DATA SUPPLIED:
━━━━━━━━━━

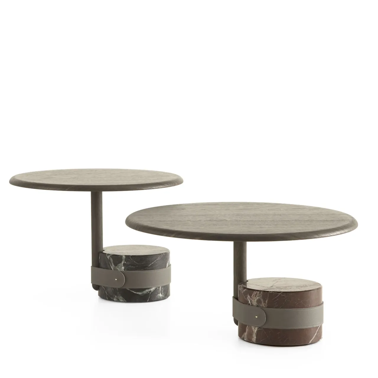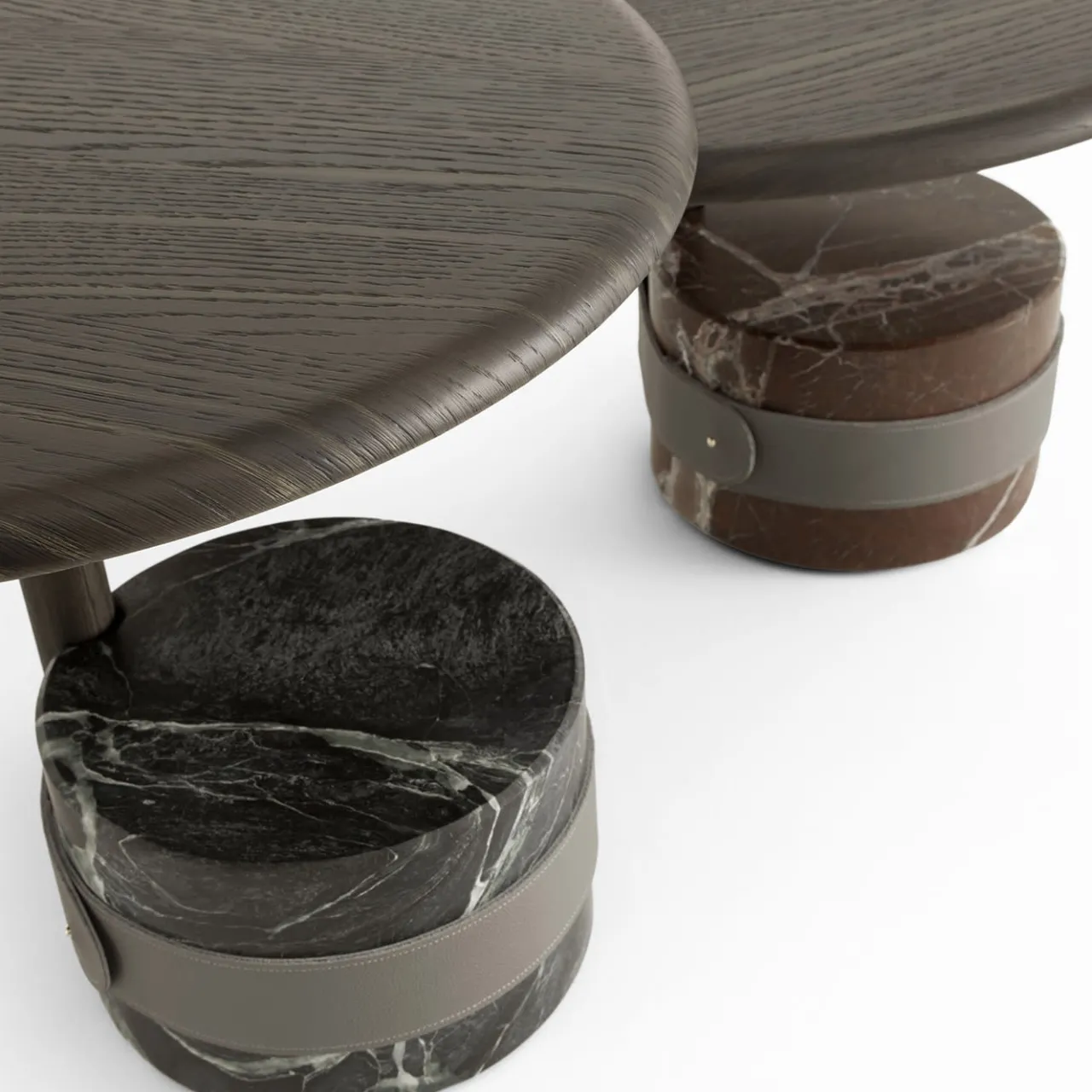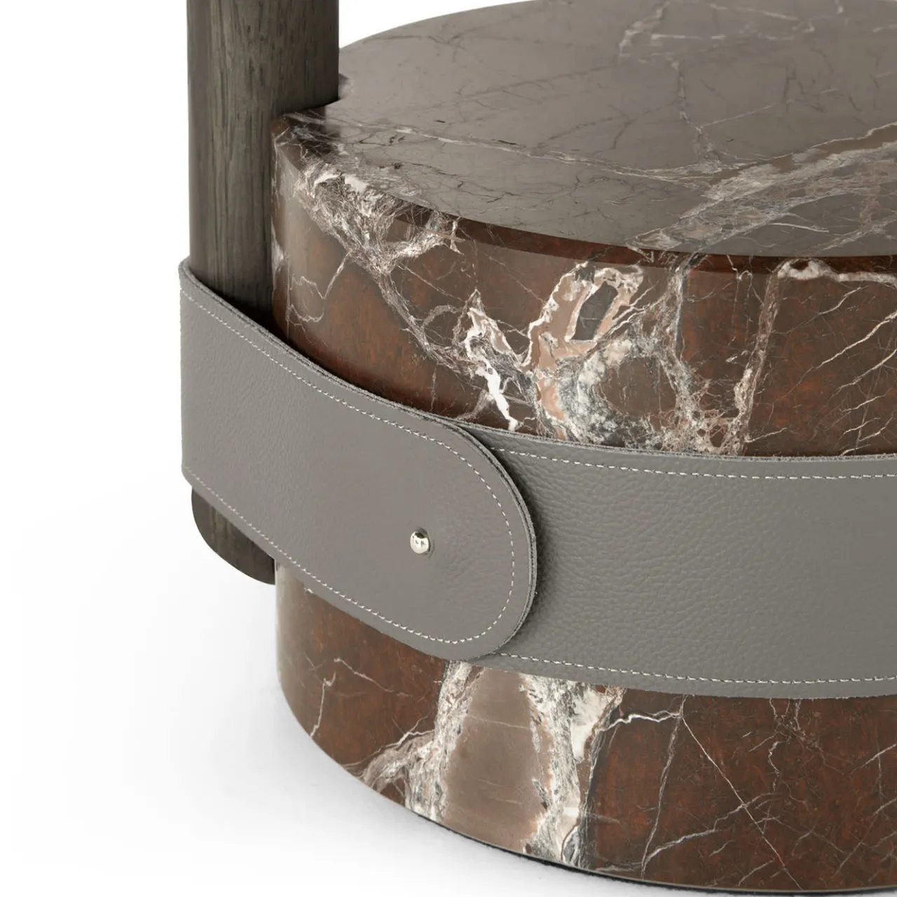 Caratterizzato da una base in marmo rosso Lepanto con finitura satinata opaca, questo accattivante tavolino incarna l’eleganza. La fibbia in pelle antracite aggiunge un tocco di raffinatezza. La struttura in rovere massiccio, perfettamente tinta per completare il piano in MDF arrotondato, presenta una raffinata impiallacciatura in rovere Laguna realizzata con tecniche avanzate di pressatura a membrana. Questo squisito tavolo fonde perfettamente il lusso con il design contemporaneo, rendendolo un’aggiunta straordinaria a qualsiasi spazio abitativo raffinato.
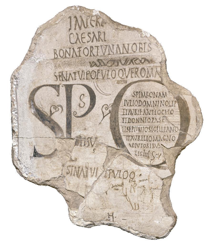 Izquierda Inscripción hallada en Dura Europos que invoca buena fortuna para el emperador, el senado y el pueblo de Roma.
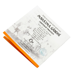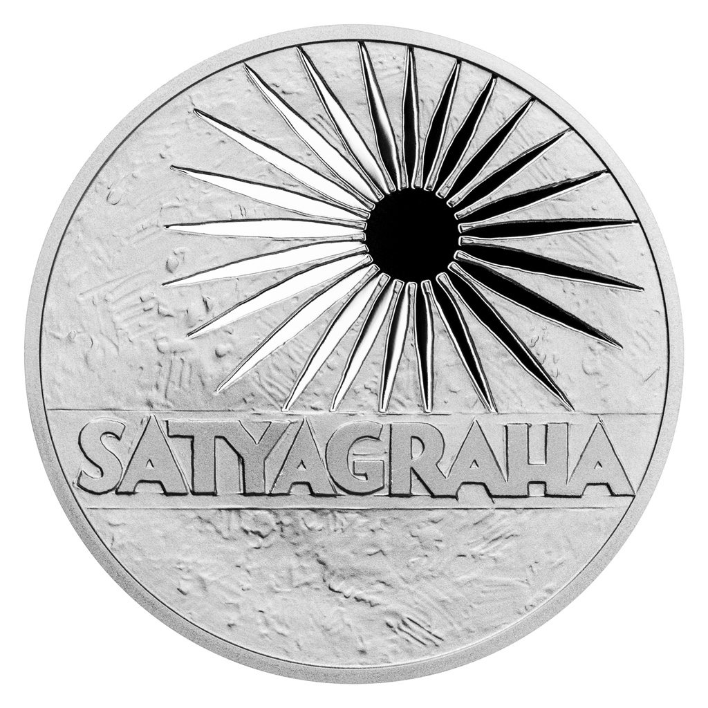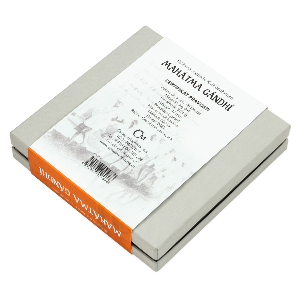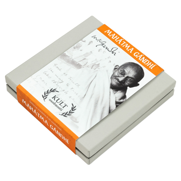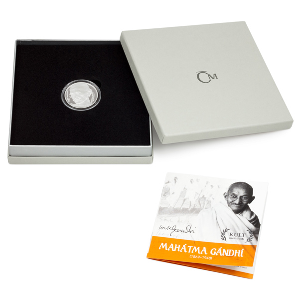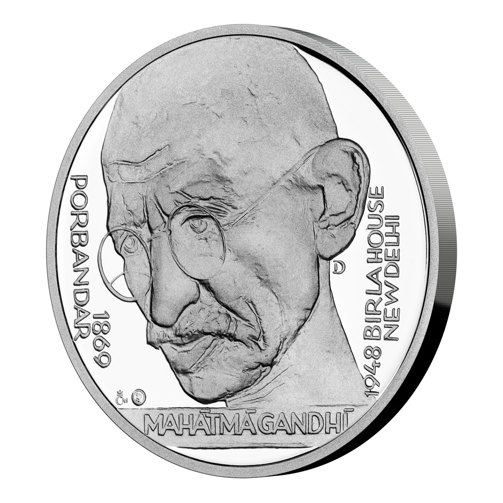 Na páté stříbrné medaili České mincovny z cyklu s názvem Kult osobnosti se objevuje obdivovaná postava Mahátmy Gándhího.
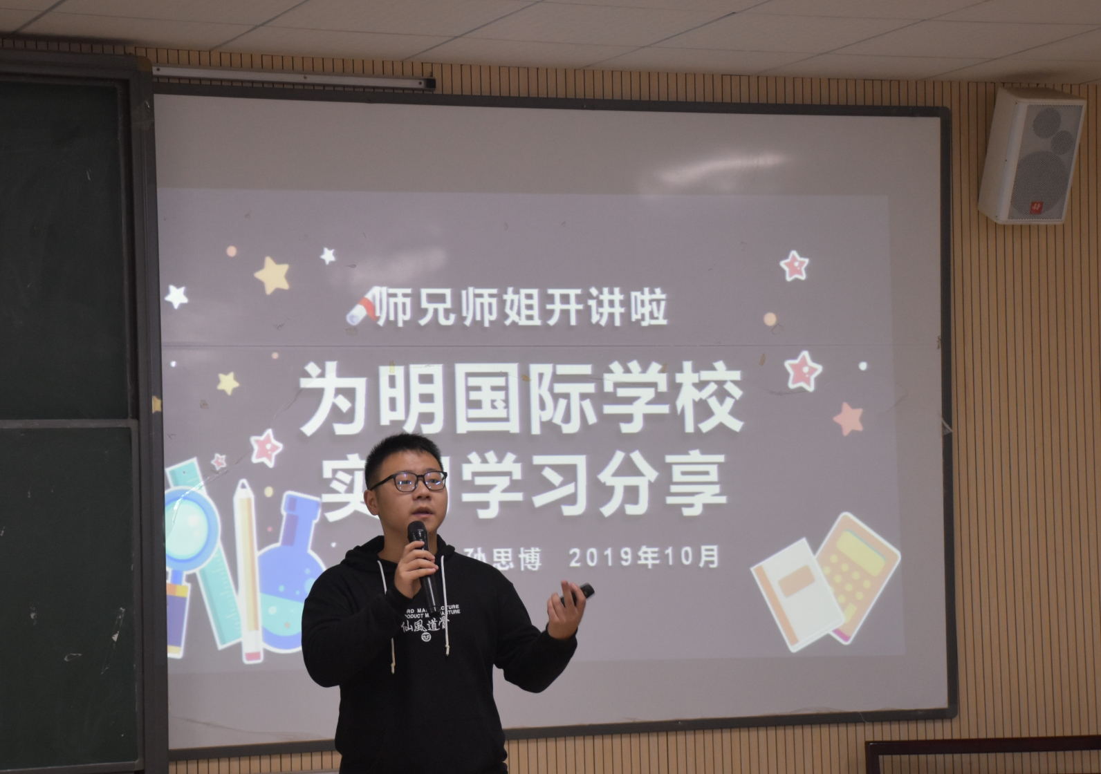 为了帮助学生更好地了解本专业在中小学的具体工作和提升学生专业素养,10月24日上午,心理学院特邀2016级应用心理学专业在外实习生孙思博于花溪校区心理学院2520教室为大家开展了实习分享交流会。学院2017、18、19级应用心理学本科生全员参加。
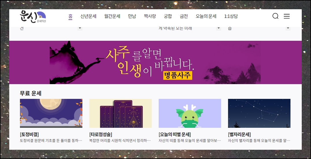 사이트에 접속하면 화면 스크롤을 맨 밑으로 내려보세요. 그럼 무료 운세 서비스를 찾을 수 있는데요. 동양의 사주팔자는 물론이고, 서양에서 많이 이용하는 타로점성술이나 별자리운세도 무료로 볼 수 있습니다.
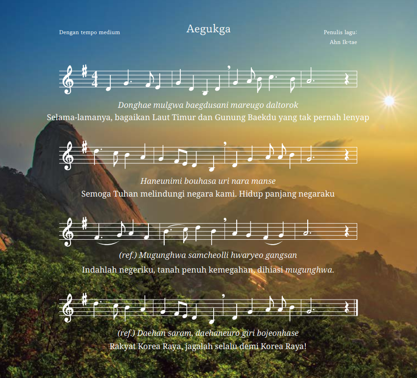 Lagu Kebangsaan - Lagu Hati yang Menyatu, Aegukga

━━━━━━━━━━

EXERCISE OBJECTIVE:
Repeat exactly the lines from the one containing "사이트에 접속하면 화면" to the last line of the data above, both included, and write no pictures into the copy.

RESULT OF THIS TASK:
 사이트에 접속하면 화면 스크롤을 맨 밑으로 내려보세요. 그럼 무료 운세 서비스를 찾을 수 있는데요. 동양의 사주팔자는 물론이고, 서양에서 많이 이용하는 타로점성술이나 별자리운세도 무료로 볼 수 있습니다.
 Lagu Kebangsaan - Lagu Hati yang Menyatu, Aegukga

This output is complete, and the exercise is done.